None of what your describing sounds good... at all. At least to me it doesn't. We don't constantly know our body temp because we don't need to constantly know our body temp. The symptoms of a cold are your clue you're getting a cold. Multiple ailments exhibit similar conditions in the body. Abnormal temp could be a sign of a cold, the flu, or your house is on fire and you should probably find an exit.
The point is you don't know what the data will show until you've collected it. We can guess all day long, but a lot of very useful medical discoveries (of which I am sure you are benefiting from today) were born out of a very large and detailed data set being collected. Beyond medical, it can also help urban planners design cities, or architects design buildings, or financial institutions to customize insurance, etc.
I used the cold example because it's one most folks can relate to, and its also immediately practical. With good data, the computer can notice patterns, such as that you wake up with a temp of between 96.7 and 96.9 every day, warm up to between 99.6 and 99.8 during a morning workout, cool down to between 98.2 and 98.4 by lunch, and end the day at between 98.9 and 99.1. None of this has be tracked by you, or even checked by you, it can be done in the background entirely; meaning you don't have to "know" it or be thinking about it at all.
It can notice an anomaly: say you wake up with a temperature of 97.4, flag raised. By lunch you're at 99.1. It's not something we would normally even know today, but it's a sign that you have a fever coming on (certainly not a house fire, else the smart smoke alarm would have noticed). Maybe it sends your phone a notification explaining that you might have a fever coming on, suggesting you eat a healthy meal, drink some herbal tea, and maybe plan for a few extra hours of sleep that night. By the time the symptoms of a cold are strong enough for you to notice on your own, it's too late. By that time, you're already past the cold and your body is fighting it off. But if you can know when one is coming on before the symptoms hit, you can at least attempt to nip it in the bud before it forces you to miss work.
It doesn't even have to be right or useful every time, as long as it's right or useful some of the time is fine. I remember some economists calculated that some very large number of US productivity in dollars is lost due to mundane cold and flu symptoms every year (I don't pretend to remember the number, but it was large, surprisingly very large). If this kind of automatic flag-raising and data-driven lifestyle advice can reduce loss of productivity by merely 5% (meaning 95% of the time it doesn't help the person defeat a cold early enough to not miss work), it would still increase US productivity by a huge amount.
All the while, the treasure trove of data could help researchers find links and causal connections between all sorts of diseases and symptoms that weren't evident before.
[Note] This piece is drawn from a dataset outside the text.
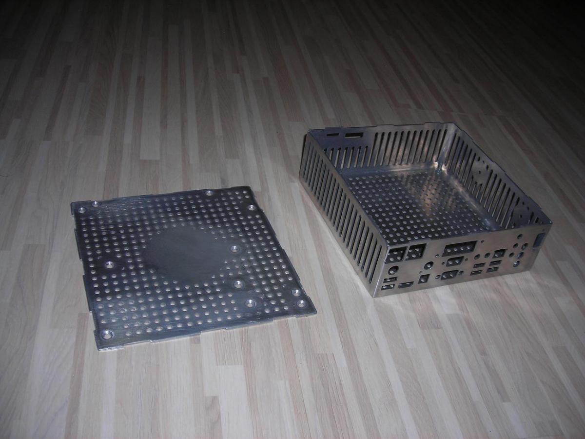 Крпус полностью самодельный, размеры 178х182х62мм (почти DIN1 :-)), материал - 2мм аллюминий.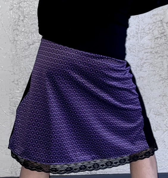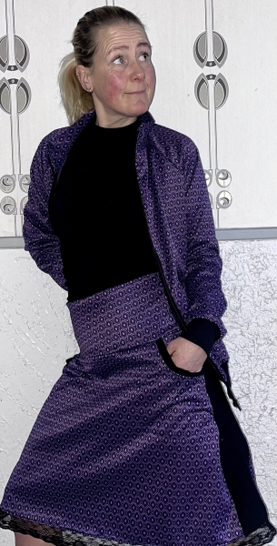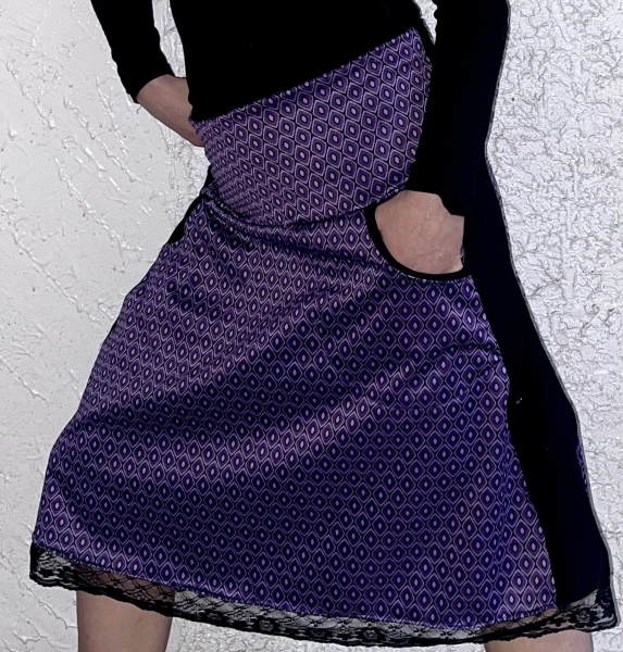 Handgemaakte alijn retro rok met zakken, brede zijboord en kantje onderaan

Wouldn't it be useful if researched found a link between some easily-measurable vital sign and a disease that normally has a very long incubation period?
Ebola, for example, can have a very long incubation period (over a month sometimes), so it's very difficult to know when someone has it before they show noticeable symptoms, at which point it might be too late. However it would be very useful to get them treatment before the symptoms hit. Wouldn't it be wonderful if the data revealed some clues in a persons vital signs that are too small to be detected by a casual observer but which, as a pattern, always manifest weeks before Ebola is fully incubated in a human? Unfortunately because Ebola is pretty rare, links like these are impossible to find unless we have enormous mountains of data tracking tens if not hundreds of thousands of people for many years.